Haziq Jamil, 11 October 2018.

A thesis submitted to the Department of Statistics of the London School of Economics and Political Science for the degree of Doctor of Philosophy.

Citation

Please cite using the following BibTeX entry:

@phdthesis{jamil2018phdthesis,
  title={Regression modelling using priors depending on Fisher information covariance kernels (I-priors)},
  author={Jamil, Haziq},
  school={London School of Economics and Political Science},
  year=2018,
  month=10,
  url={https://phd.haziqj.ml}
}

Abstract

Regression analysis is undoubtedly an important tool to understand the relationship between one or more explanatory and independent variables of interest.

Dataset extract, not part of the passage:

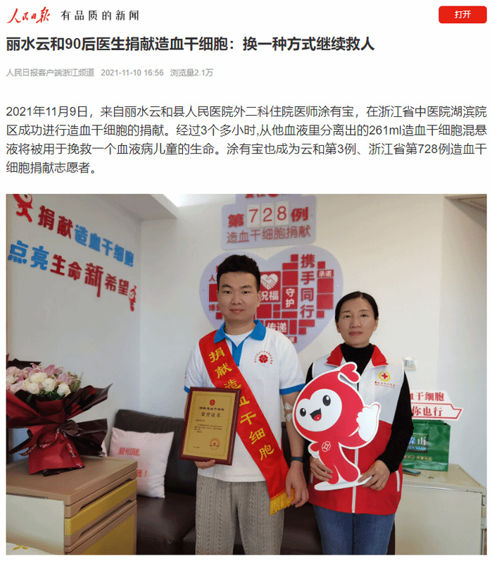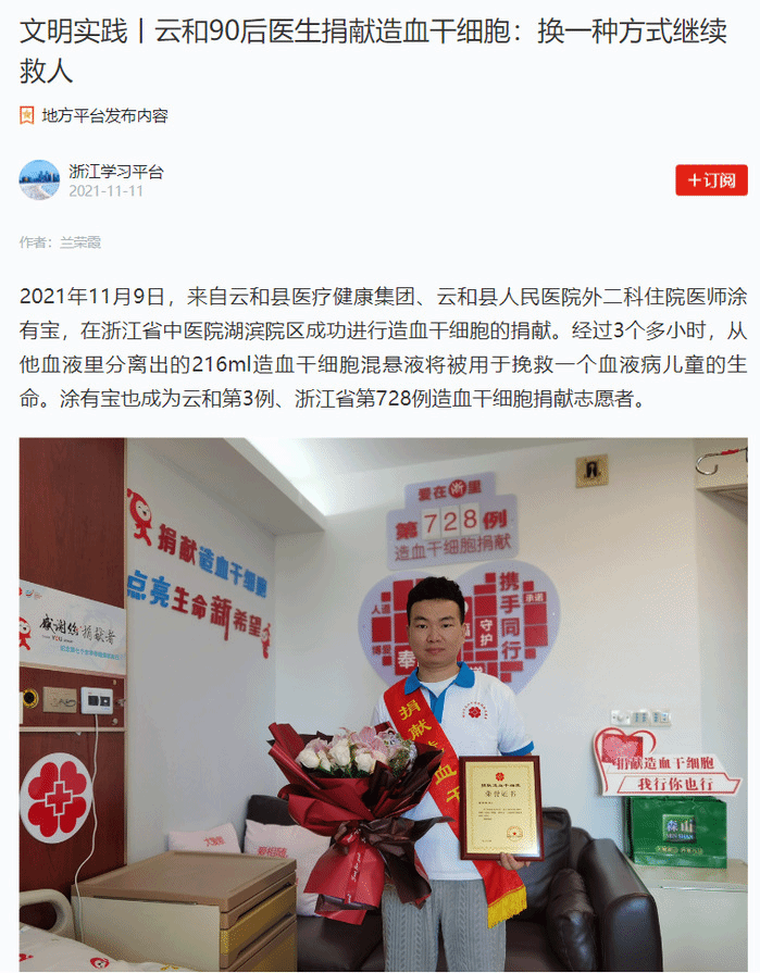 采集结束后,涂有宝告诉记者:“作为一个普通人,我觉得我很幸运,能在茫茫人海中用自己的血液去让另一个生命获得新生;作为一名医务工作者,我觉得这只是换一种方式在挽救生命,去实现一个白衣战士的使命;作为一名入党积极分子,我觉得这是我应尽的义务,努力为人民群众办一点实事。”

In this thesis, we explore a novel methodology for fitting a wide range of parametric and nonparametric regression models, called the I-prior methodology (Bergsma, 2019).

We assume that the regression function belongs to a reproducing kernel Hilbert or Kreĭn space of functions, and by doing so, allows us to utilise the convenient topologies of these vector spaces. This is important for the derivation of the Fisher information of the regression function, which might be infinite dimensional. Based on the principle of maximum entropy, an I-prior is an objective Gaussian process prior for the regression function with covariance function proportional to its Fisher information.

Our work focusses on the statistical methodology and computational aspects of fitting I-priors models. We examine a likelihood-based approach (direct optimisation and EM algorithm) for fitting I-prior models with normally distributed errors. The culmination of this work is the R package iprior which has been made publicly available on CRAN. The normal I-prior methodology is subsequently extended to fit categorical response models, achieved by "squashing" the regression functions through a probit sigmoid function. Estimation of I-probit models, as we call it, proves challenging due to the intractable integral involved in computing the likelihood. We overcome this difficulty by way of variational approximations. Finally, we turn to a fully Bayesian approach of variable selection using I-priors for linear models to tackle multicollinearity.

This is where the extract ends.